Como na Antiga Roma, só as estradas ficarão por nobre testemunho. Para que a estrada passe, venha o Rei abrir caminho. Mil euros por ano, por cada uma dos dois milhões de viaturas, eis quanto bastaria para indemnizar o Monarca pelo transcendente obséquio. Mais cem euros por cada trabalhador bastariam para manter uma brigada de dois mil comandos, briosos, valentes e generosos, que à força de umas tantas bazucadas afugentariam das suas tocas a nojenta fauna de ratos, pavões, raposas, cadelas e muares. De resto, dois ou três dias de bom vento dissipariam o cheiro pestilento que agora nos incomoda nesta terra abençoada. Para os vigaristas, ladrões comuns e outras espécies mais perigosas de tratantes, estaria a época de caça sempre aberta que isto de deixar enferrujar a clavina lá em casa é uma pena.

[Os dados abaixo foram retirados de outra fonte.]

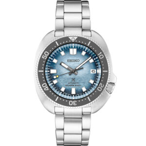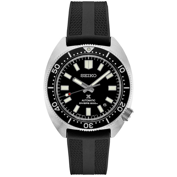 Prospex Automatic Diver’s Watch Re-Interpretation. Designed for those who treat life as the ultimate adventure, the Seiko Prospex line meets every challenge with technological excellence and style. Part of a rich legacy of innovation in high-intensity timekeeping, Prospex continues to celebrate a long history of sports watch excellence with recreations and reinterpretations of landmark achievements. With the thinnest case to date of any Seiko automatic diver’s watch, in stainless steel with super hard coating, this sleekly updated timepiece incorporates the distinctive cushion-shape and recessed crown of one of Seiko’s most iconic designs. Sporty and tailored, this versatile watch includes a curved sapphire crystal with anti-reflective coating on the inner surface, black uni-directional rotating elapsed timing bezel, and screwdown crown and caseback, as well as a black rail-pattern reinforced silicone strap inspired by the original model.
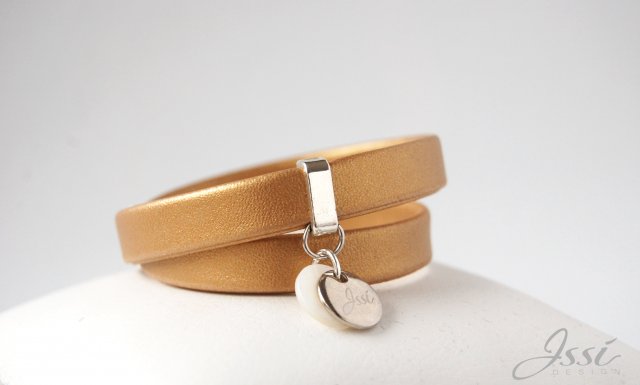 Klasyczna bransoletka ze skórzanego paska w kolorze złotym. Długość regulowana.
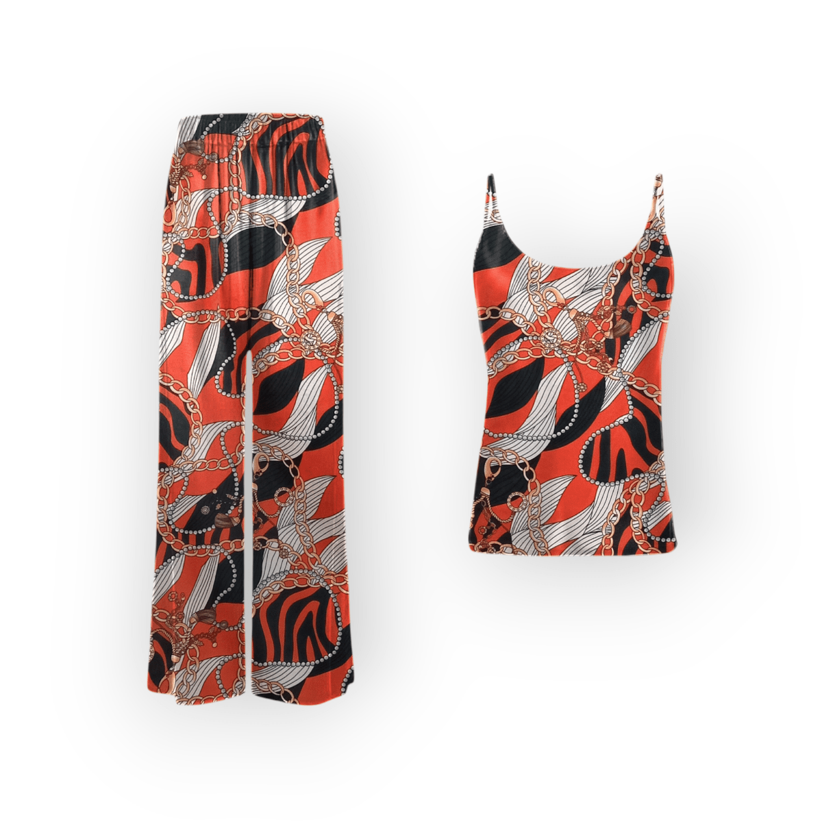 ست تاپ یقه گرد و شلوار بگ طرح زنجیر با زمینه قرمز کرپ نخ
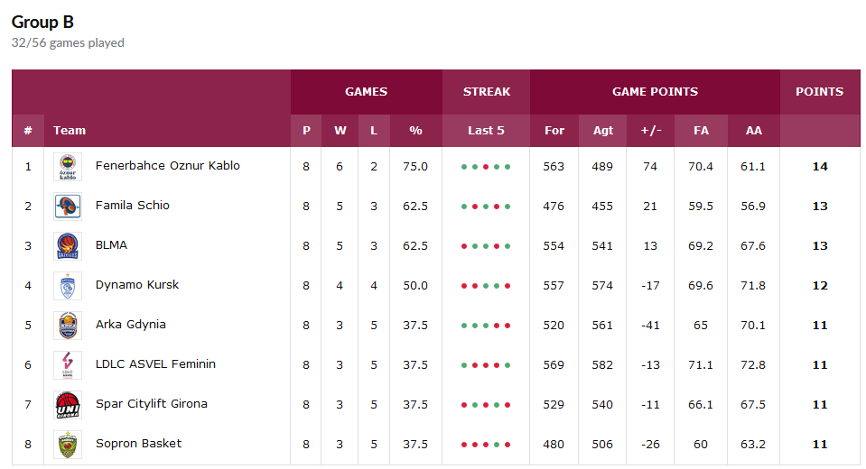 La Euroliga femenina tiene un formato de liga regular dividido en dos grupos. El único equipo español que compite este año lo hace en el grupo B, donde Girona ocupa la penúltima plaza, al contar con 3 victorias y 5 derrotas. La última, ante Fenerbahce este jueves por 57-62 ante el que es el líder del grupo.
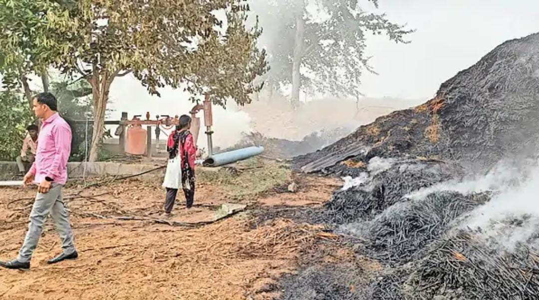 ધાનેરાના વાછોલની સીમમાં ડીપીમાં ફોલ્ટ સર્જાતા ઘાસચારો બળીને ખાખ
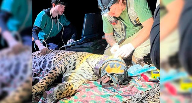 Pela primeira vez equipe médica faz exame de Raio-X em onça pintada dentro do Pantanal

Seiscentos milhões de contos (8% do actual orçamento), um Rei verdadeiro, monarca, e algum exercício físico, eis a felicidade por bom preço.
POST SCRIPTUM
Respondia-me há dias um velho amigo a quem a riqueza acabou por bafejar: "Tivesse tido sorte mais cedo e soubesse o que sei hoje, não mandava os meus filhos à Escola, não declarava um tostão ao fisco nem tirava bilhete de identidade. Tinha escolhido morada nos confins da serra e construído casa sem pedir licença à Câmara... O que mais detesto? Que me tratem por cidadão! O que mais aprecio? Rir na cara desses cabrões.
Enquanto o meu feliz amigo ri, eu continuo a sentir na cara o bafo da Besta e a ver, à minha volta, o mundo a arder sob o jacto da chama do dragão. Valha-me S. Jorge!